[[ Given data, beginning ]]

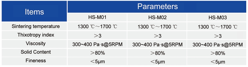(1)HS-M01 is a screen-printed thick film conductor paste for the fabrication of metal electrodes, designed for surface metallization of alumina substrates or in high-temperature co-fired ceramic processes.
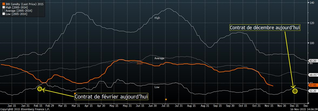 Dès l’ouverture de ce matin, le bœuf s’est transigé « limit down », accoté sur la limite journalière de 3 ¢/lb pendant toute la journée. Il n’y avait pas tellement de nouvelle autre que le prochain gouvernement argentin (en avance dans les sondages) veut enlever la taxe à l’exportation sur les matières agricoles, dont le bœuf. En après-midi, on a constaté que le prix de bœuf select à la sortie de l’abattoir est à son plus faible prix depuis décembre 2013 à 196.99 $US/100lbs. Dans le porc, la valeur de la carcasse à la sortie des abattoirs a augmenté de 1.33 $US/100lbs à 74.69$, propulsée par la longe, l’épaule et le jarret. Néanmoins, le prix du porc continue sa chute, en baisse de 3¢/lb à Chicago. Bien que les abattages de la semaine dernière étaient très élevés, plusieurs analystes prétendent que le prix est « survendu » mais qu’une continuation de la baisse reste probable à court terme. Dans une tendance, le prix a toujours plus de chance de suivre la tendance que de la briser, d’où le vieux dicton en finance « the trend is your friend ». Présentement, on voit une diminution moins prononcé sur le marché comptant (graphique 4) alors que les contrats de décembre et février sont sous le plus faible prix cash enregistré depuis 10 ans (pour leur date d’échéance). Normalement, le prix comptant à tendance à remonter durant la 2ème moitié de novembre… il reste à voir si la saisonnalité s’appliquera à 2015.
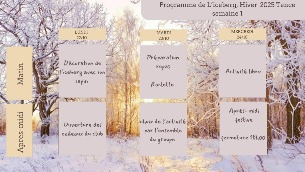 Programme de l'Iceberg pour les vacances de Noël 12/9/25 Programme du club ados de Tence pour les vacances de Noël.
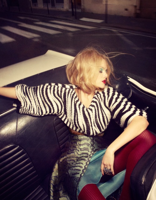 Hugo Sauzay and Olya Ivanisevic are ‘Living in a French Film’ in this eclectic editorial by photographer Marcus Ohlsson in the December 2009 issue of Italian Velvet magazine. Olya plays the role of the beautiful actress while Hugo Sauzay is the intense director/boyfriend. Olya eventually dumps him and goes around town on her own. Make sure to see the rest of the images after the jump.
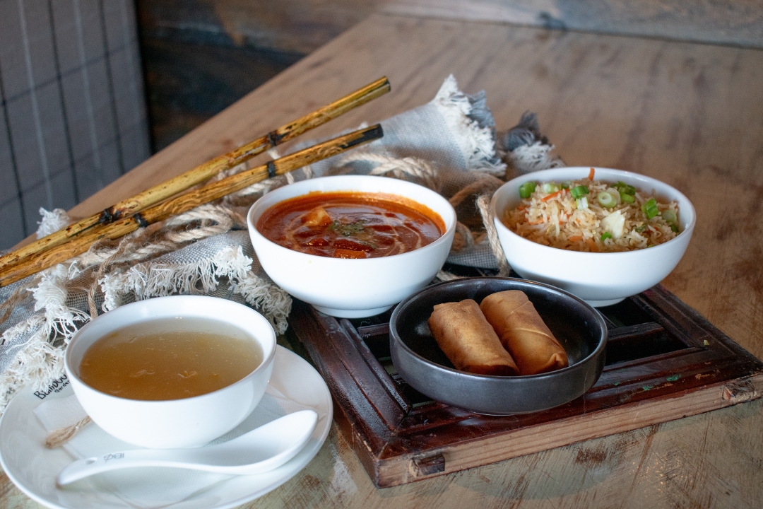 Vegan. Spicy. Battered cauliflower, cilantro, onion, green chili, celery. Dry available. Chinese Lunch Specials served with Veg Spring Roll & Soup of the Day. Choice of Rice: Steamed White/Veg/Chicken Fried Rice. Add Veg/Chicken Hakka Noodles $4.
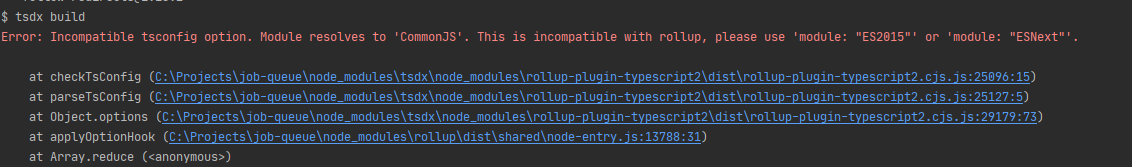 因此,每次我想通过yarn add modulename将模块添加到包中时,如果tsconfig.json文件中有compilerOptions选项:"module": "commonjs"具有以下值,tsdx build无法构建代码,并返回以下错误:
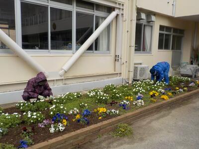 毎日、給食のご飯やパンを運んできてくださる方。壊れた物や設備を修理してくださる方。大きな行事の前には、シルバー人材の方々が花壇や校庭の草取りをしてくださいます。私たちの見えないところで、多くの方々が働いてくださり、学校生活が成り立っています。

[[ Given data, end ]]
[[ Given data, beginning ]]

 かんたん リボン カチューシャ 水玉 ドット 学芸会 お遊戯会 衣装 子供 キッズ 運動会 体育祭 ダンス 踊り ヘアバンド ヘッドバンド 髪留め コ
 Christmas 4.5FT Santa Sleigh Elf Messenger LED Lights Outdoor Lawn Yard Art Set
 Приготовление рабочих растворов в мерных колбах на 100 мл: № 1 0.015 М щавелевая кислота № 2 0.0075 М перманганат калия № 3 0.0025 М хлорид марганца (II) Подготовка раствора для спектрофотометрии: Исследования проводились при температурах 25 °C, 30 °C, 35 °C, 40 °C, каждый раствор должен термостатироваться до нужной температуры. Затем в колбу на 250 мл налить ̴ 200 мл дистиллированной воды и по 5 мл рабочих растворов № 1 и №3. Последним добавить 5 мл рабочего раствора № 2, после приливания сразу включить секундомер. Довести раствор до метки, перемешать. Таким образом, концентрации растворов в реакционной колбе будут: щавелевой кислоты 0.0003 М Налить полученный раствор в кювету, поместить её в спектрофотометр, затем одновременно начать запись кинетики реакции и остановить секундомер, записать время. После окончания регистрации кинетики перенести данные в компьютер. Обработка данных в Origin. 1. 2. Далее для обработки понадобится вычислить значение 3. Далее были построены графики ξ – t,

[[ Given data, end ]]

> [Problem to solve]
Looking above, find the stretch of lines that opens with the one holding "Vegan. Spicy. Battered" and closes with the one holding "毎日、給食のご飯やパンを運ん". Copy it exactly, pictures excluded.

> [Output below]
 Vegan. Spicy. Battered cauliflower, cilantro, onion, green chili, celery. Dry available. Chinese Lunch Specials served with Veg Spring Roll & Soup of the Day. Choice of Rice: Steamed White/Veg/Chicken Fried Rice. Add Veg/Chicken Hakka Noodles $4.
 因此,每次我想通过yarn add modulename将模块添加到包中时,如果tsconfig.json文件中有compilerOptions选项:"module": "commonjs"具有以下值,tsdx build无法构建代码,并返回以下错误:
 毎日、給食のご飯やパンを運んできてくださる方。壊れた物や設備を修理してくださる方。大きな行事の前には、シルバー人材の方々が花壇や校庭の草取りをしてくださいます。私たちの見えないところで、多くの方々が働いてくださり、学校生活が成り立っています。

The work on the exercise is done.